U.S. HIV border ban lifted

by Rex Wockner

New policies that removed the United States’ 22-year-old ban on HIV-positive immigrants and foreign visitors took effect Jan. 4.

Three days later, HIV-positive Dutchman Clemens Ruland and his partner Hugo Bausch arrived at New York’s Kennedy Airport and were met by a representative of Human Rights Watch and the Dutch Embassy’s cultural attaché.

“Travel restrictions on HIV-positive people fundamentally affect their human dignity,” said Boris Dittrich from HRW’s LGBT Rights Program. “Lifting the HIV travel ban was a victory for human rights.”

Bausch won the trip for himself and Ruland in a Dutch AIDS Foundation contest to celebrate the ban’s demise.

In announcing the change last October, President Barack Obama said: “We talk about reducing the stigma of this disease, yet we’ve treated a visitor living with it as a threat. We lead the world when it comes to helping stem the AIDS pandemic, yet we are one of only a dozen countries that still bar people with HIV from entering our own country. If we want to be the global leader in combating HIV/AIDS, we need to act like it.”

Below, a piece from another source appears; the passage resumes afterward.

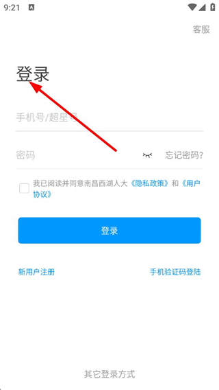 1、打開APP后進入登錄界面,可選擇輸入手機號、超星號和密碼登錄,也可點擊新用戶注冊或手機驗證碼登錄,還需勾選同意隱私政策和用戶協議。
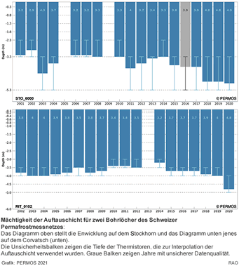 Im Jahr 2020 war die Auftauschicht an den PERMOS Standorten zwischen knapp 3 m (Flüelapass GR, 2'400 m ü.M.) und 11 m (Schilthorn BE, 2'900 m ü.M.) tief. Damit hat sich zum Beispiel die Mächtigkeit der Auftauschicht am Schilthorn seit Beginn der Messungen 1998 mehr als verdoppelt.

In a joint statement at the time, the Global Network of People Living With HIV, the European AIDS Treatment Group and Germany’s Deutsche AIDS-Hilfe “congratulate[d] the United States government on fulfilling its promise and completing the legal procedure that was started by former President Bush on World AIDS Day 2007.”

“This is a great victory for the fight against the worldwide discrimination of people living with HIV,” said AIDS-Hilfe’s Peter Wiessner. “I remember times where we never thought that this would happen. This is an emotional moment and it feels a bit like the fall of the Berlin Wall.”

EATG’s David Haerry called the ban’s demise “groundbreaking” and said it sends “a strong message to other countries maintaining stigmatizing restrictions today, such as Russia, China, Australia and Canada.”

The groups’ statement said that more than 60 nations, including some in Europe, have “stigmatizing entry or residency restrictions” and that “27 countries deport people on the grounds of having an HIV infection.”

The three organizations said they hope the U.S. government will take one final step in relegating the ban to the dustbin of history: “Erase all information with regards to the HIV status of people from its immigration databases.”